> [What you should do]:
Pictures excluded, reproduce exactly the lines below from the one with "第五名:鞍钢集团,2024年" through the one with "병원은 중립적 공공 영역으로서", both included.

:: Available records ::

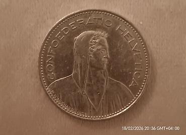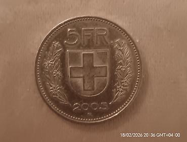 İsveçrə 5 frank sikkəsi (2005) - Valyuta: İsveçrə frankı (CHF), nominal dəyər – 5 frank. - İli: 2005. - Material: Mis‑nikel ərintisi. - Ölçü və kütlə (standart 5 FR üçün məlumat): diameter təxminə...
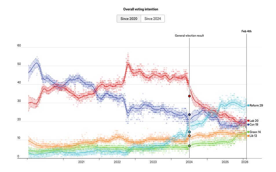 From the Economist, “How unpopular is Britain’s Labour government?,” February 6, 2026.
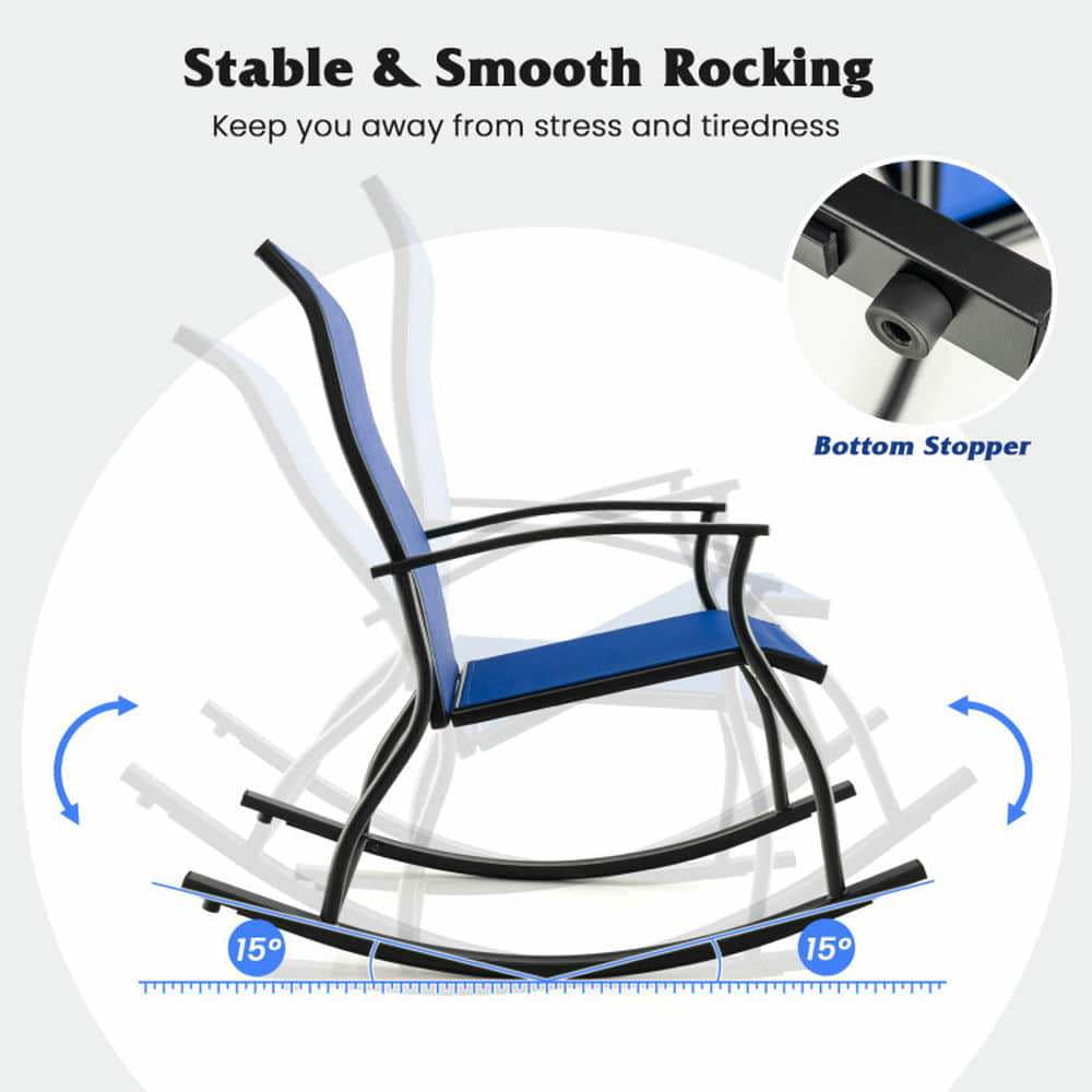 Demifill 2-Piece Outdoor Rocking Chairs with Breathable Backrest, Navy
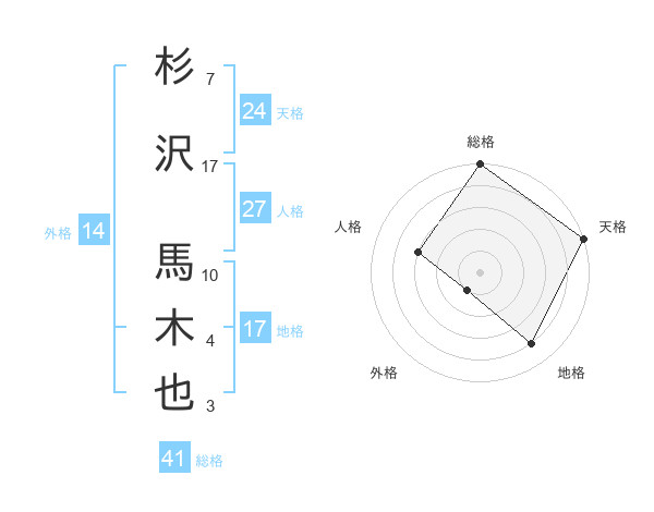杉沢 馬木也さんを姓名の画数から五運を鑑定
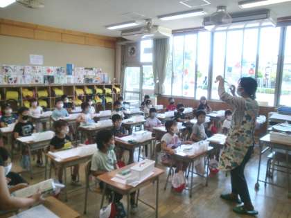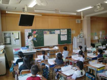1年生で講師の先生をよんで「絵の具講習会」を開きました。はじめて絵の具を使うので道具を置く場所から使い方まで丁寧に教えてもらいました。あじさいはしっかり塗れたかな。
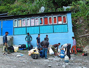 | 出発前のパッキング 青い樽(日本から持ってきた食糧が入っている)や 竹かごを担ぐのは、キッチンスタッフ トレッカーのバッグやテントなどを運ぶのは、ポーター |
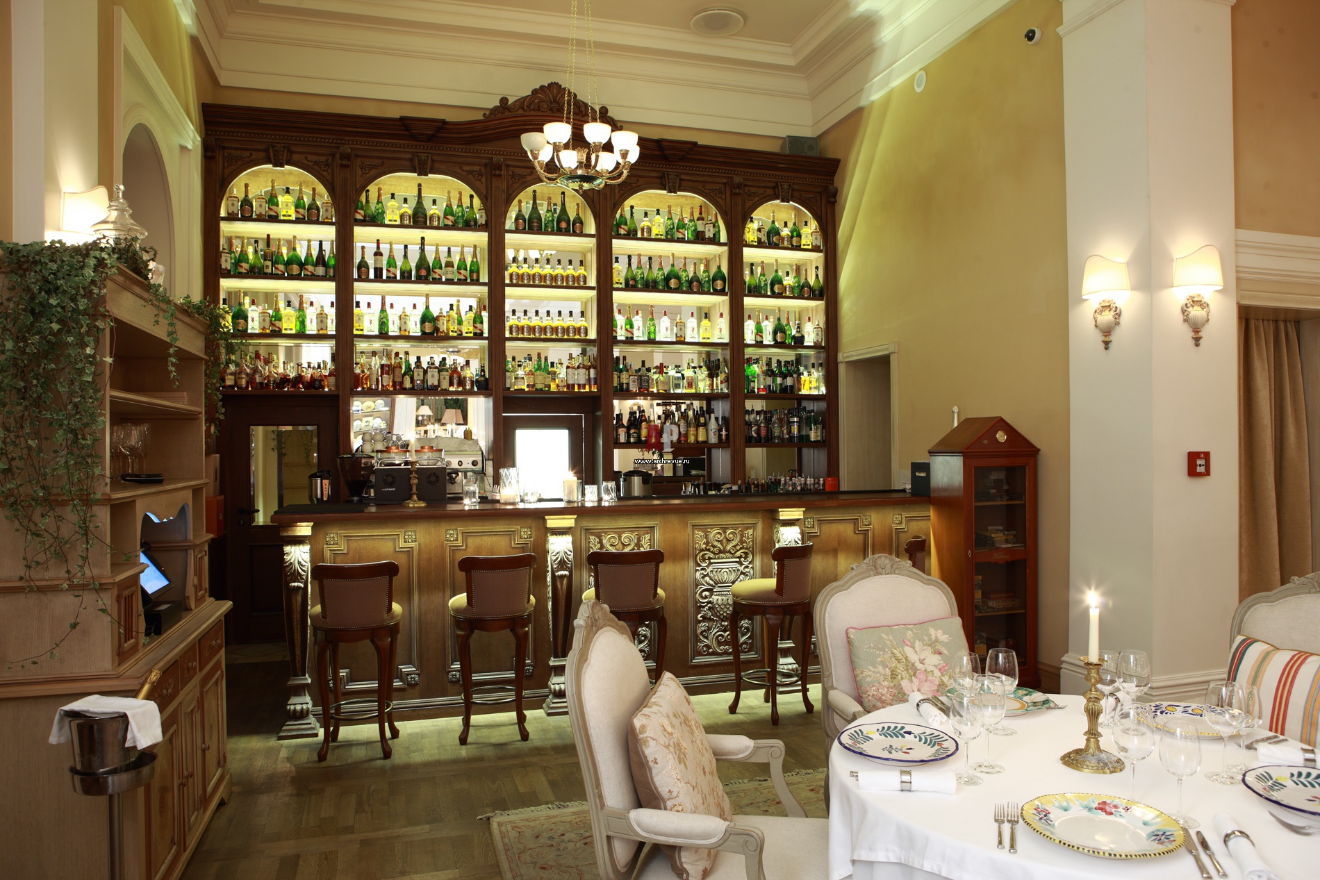 Барная стойка и стеллажи выполнены из дерева с резьбой. Классический узор резьбы акцентирован встроенными светильниками, дающими рассеянный свет. Изделия из дерева, на заказ, по эскизам архитектора.
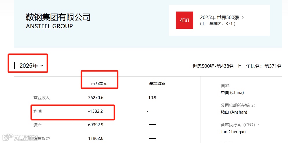 第五名:鞍钢集团,2024年亏损约99亿元。鞍钢是新中国最早建成的钢铁生产基地,被誉为“共和国钢铁工业的长子”“新中国钢铁工业的摇篮”。
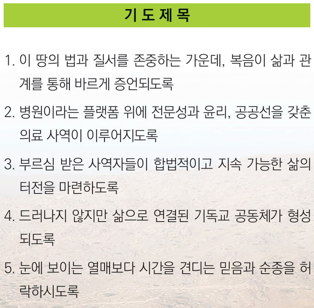 병원은 중립적 공공 영역으로서 지역 사회의 공공선을 위해 의료를 제공해야한다. 우리는 외부에서 들어온 기관이 아니라, 지역 사회와 함께 살아가며 섬기는 병원이 되기를 지향한다. 의료 현장과 일상의 자리에서 맺어지는 관계 속에서 복음이 자연스럽게 흘러갈 수 있다고 믿는다. 병원 사업은 약 3년 전부터 실무팀이 현지에 들어와 준비를 이어오고 있으며, 약 12명의 사역자들이 의료, 행정, 기획 등 각 영역에 직접 참여하고 있다.
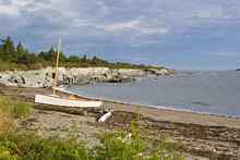 Like all good things, this time on this rocky island must too, come to an end. On the fourth day we rose to find the sky gray, with fog on the horizon, some spitting rain, and a rising wind. The tide was up in Cocktail Cove, a serene harbor with campsites on cliffs above the water. Cocktail Cove was our last anchorage for the trip on the inland side of Jewell Island, and the waves were rolling in from the south-west through a breach that fills in at high tide. After packing our belongings we made our way down the cliff to the water, and I hauled the Goat into shore on her haul out. I clumsily clambered aboard and Jason tossed me dry bags and buckets from his precarious perch on the spray soaked rocks. The boat would rise and fall in the three foot waves which crashed around Jason. After the last item was thrown aboard he too climbed over the transom with the land-based anchor. I don’t remember how we did this without going for a swim, swamping the boat, or losing our possessions, it was straight out of a rum-running-escape-from-Prison Island movie. In a word, it was dramatic. Once we collected the haul-out anchor we raised sail and sped out of the cove, past a German sailing vessel also anchored for the night and we headed into Casco Bay, Portland bound. Our last day was a slog back home, with high winds and seas until we got into the inner portions of the Bay, where the front passed and we were calmed for a bit, but at least now we were in warm sun. After a bit the wind picked back up and we scooted right into the dock and past the notorious piling that ate my sail, and “I am Zinea, Pterodactylus” was soon back on her trailer and VisionQuest/ManQuest2010 was complete.
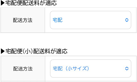 ご注文いただく商品の大きさにより「宅配」または「宅配(小サイズ)」が選択されます。
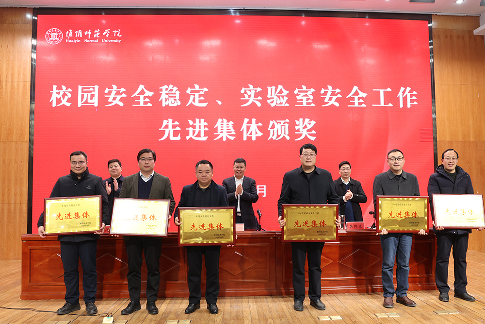 图为校领导为安全稳定工作和实验室安全工作先进集体颁奖。记者 唐瑀 摄

:::

> [Answer box]:
 第五名:鞍钢集团,2024年亏损约99亿元。鞍钢是新中国最早建成的钢铁生产基地,被誉为“共和国钢铁工业的长子”“新中国钢铁工业的摇篮”。
 병원은 중립적 공공 영역으로서 지역 사회의 공공선을 위해 의료를 제공해야한다. 우리는 외부에서 들어온 기관이 아니라, 지역 사회와 함께 살아가며 섬기는 병원이 되기를 지향한다. 의료 현장과 일상의 자리에서 맺어지는 관계 속에서 복음이 자연스럽게 흘러갈 수 있다고 믿는다. 병원 사업은 약 3년 전부터 실무팀이 현지에 들어와 준비를 이어오고 있으며, 약 12명의 사역자들이 의료, 행정, 기획 등 각 영역에 직접 참여하고 있다.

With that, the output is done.